Швырнул робу, каску и сапоги через стойку. Старик поднял на меня глаза:

– Что? Бросаете такую ХОРОШУЮ работу?

– Передай им, чтоб чек за два часа прислали мне по почте, а если нет, то пусть засунут его себе в жопу, мне надристать!

Я вышел наружу. Перешел через дорогу в мексиканский бар и выпил пива, а затем сел в автобус и поехал к себе. Американский школьный двор снова меня отлупил.

6.

Следующим вечером я сидел в баре между женщиной с тряпкой на голове и женщиной без тряпки на голове, и то был просто еще один бар – тупой, несовершенный, безнадежный, жестокий, говенный, нищий, и крохотная мужская уборная воняла так, что хотелось блевать, и посрать там нельзя было, а только поссать, блюешь, отворачиваешься, ищешь света, молишься, чтоб желудок продержался еще хотя бы одну ночь.

Я просидел там часа три – пил и покупал выпить той, что без тряпки. Она неплохо выглядела: дорогие туфли, хорошие ноги и хвост; на самой грани распада, но именно тут они самые сексапильные – для меня, то есть.

Заказал еще стаканчик, еще два стаканчика.

– Все, хватит, – сказал я ей, – голяк.

– Ты шутишь.

– Нет.

– У тебя есть где упасть?

– Еще два дня до уплаты в запасе.

– Ты работаешь?

– Нет.

– А че делаешь?

– Ничего.

– Я в смысле, как тебе удается?

– Некоторое время я был агентом жокея. Хороший парнишка у меня был, да засекли его дважды – проносил батарейку к воротам. Его отстранили. Немного боксом занимался, играл, пробовал даже цыплят разводить: сидел, бывало, ночами напролет, от диких собах их охранял в горах, это круто было, а потом однажды сигару в курятнике не погасил и сжег их половину, к тому же всех своих хороших петухов. Пытался в Северной Калифорнии золото мыть, был зазывалой на пляже, на бирже играл, пробовал на понижение – ни черта не получилось, неудачник я.

– Допивай, – сказала она, – и пойдем со мной.

Это “пойдем со мной” звучало отменно. Я допил и вышел за ней следом. Мы прошли по улице и остановились перед винной лавкой.

– Стой тихо, – сказала она, – говорить буду я.

Мы вошли. Она взяла салями, яиц, хлеба, бекона, пива, острой горчицы, маринованных огурчиков, две пятых хорошего вискача, немного алки-зельцер и минералки. Сигарет и сигар.

– Запиши на Вилли Хансена, – сказала она продавцу.

Мы вышли наружу со всем этим хозяйством, и она из автомата на углу вызвала такси. Такси появилось, и мы залезли на заднее сиденье.
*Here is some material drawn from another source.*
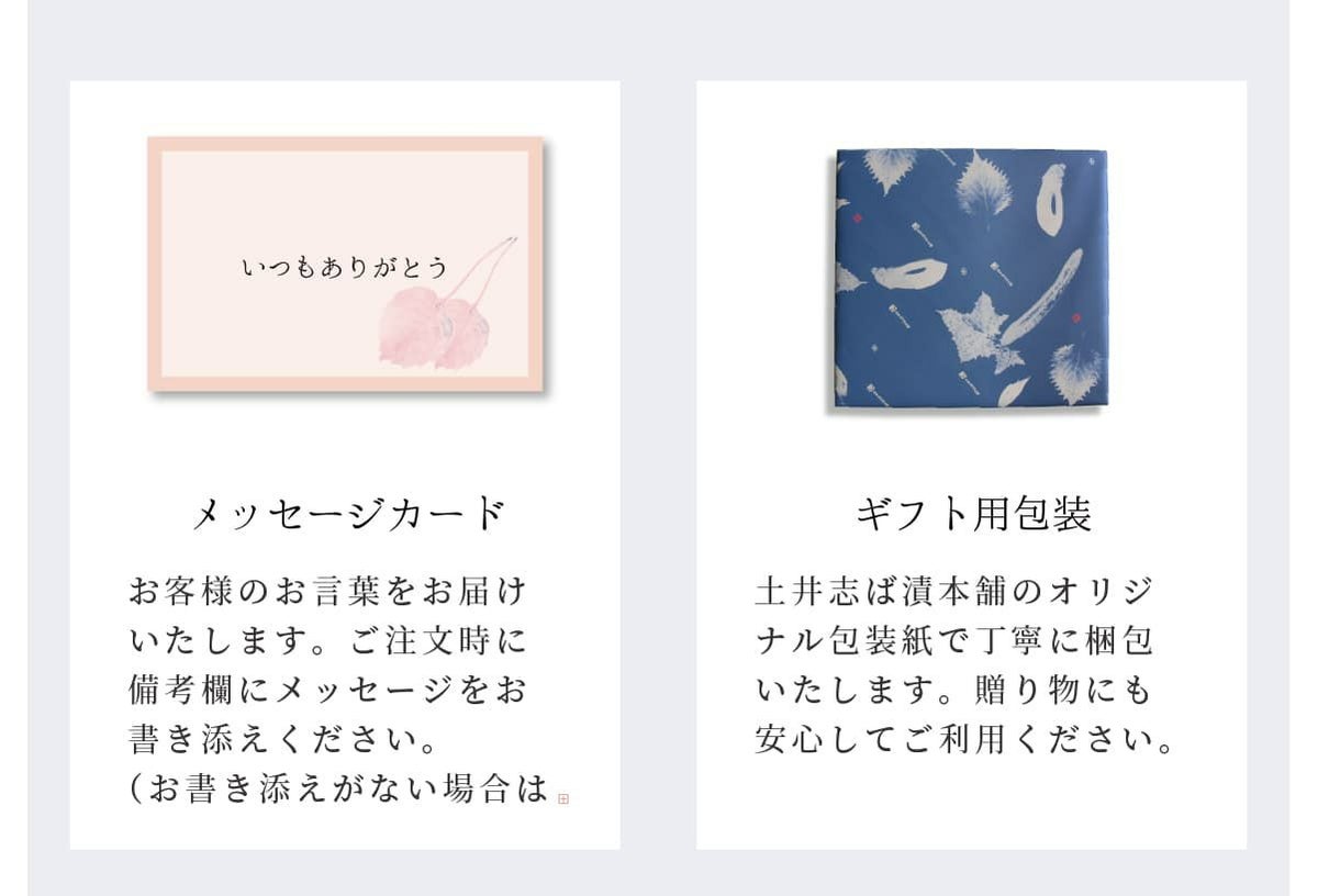 風味豊かな京つけものを多彩に詰め合わせた、豪華なセットです。 大切な方への贈り物にも最適です。土井の伝統の味を、たっぷりお楽しみください。

– Кто такой Вилли Хансен? – спросил я.

– Какая разница, – ответила она.

У меня она помогла мне сгрузить расходные материалы в холодильник. Потом села на кушетку и скрестила свои хорошие ноги, сидела, подергивая и покручивая лодыжкой, разглядывала туфлю, эту зашпилеванную и прекрасную туфлю. Я содрал пленку с горлышка бутылки и смешал два крепких. Я снова был царем.

Той ночью в постели я остановился посреди всего и посмотрел на нее сверху вниз.

– Как тебя зовут? – спросил я.

– Какая тебе, к черту, разница?

Я рассмеялся и погнал дальше.

Квартплата выдохлась очень быстро, я сложил все, чего оказалось немного, в свой картонный чемодан, и через полчаса мы уже обходили оптовый магазин мехов по разбитому тротуару – там стоял старый двухэтажный дом.

Пеппер (так ее звали, наконец, она мне призналась) позвонила в дверь и сказала:

– А ты не высовывайся, пусть он меня увидит, а когда зуммер зазудит, я толкну дверь, и ты войдешь за мной.

Вилли Хансен всегда высовывался в лестничный пролет до середины, а там у него стояло зеркало, показывавшее, кто у двери – а уж потом он решал, быть ему дома или нет.

На этот раз он решил быть дома. Прозудел зуммер, и я вошел вслед за Пеппер, оставив чемодан у подножия лестницы.

– Малышка! – встретил он ее на вершине лестницы, – как хорошо тебя видеть!

Он был довольно стар и только с одной рукой. Этой рукой он обнял ее и поцеловал.

Потом увидел меня.

– Кто этот парень?

– О, Вилли, познакомься с моим другом. Это Пацан.

– Здорово! – сказал я.

Он не ответил.

– Пацан? Не похож он на пацана.

– Пацан Лэнни, он раньше дрался под именем Пацан Лэнни.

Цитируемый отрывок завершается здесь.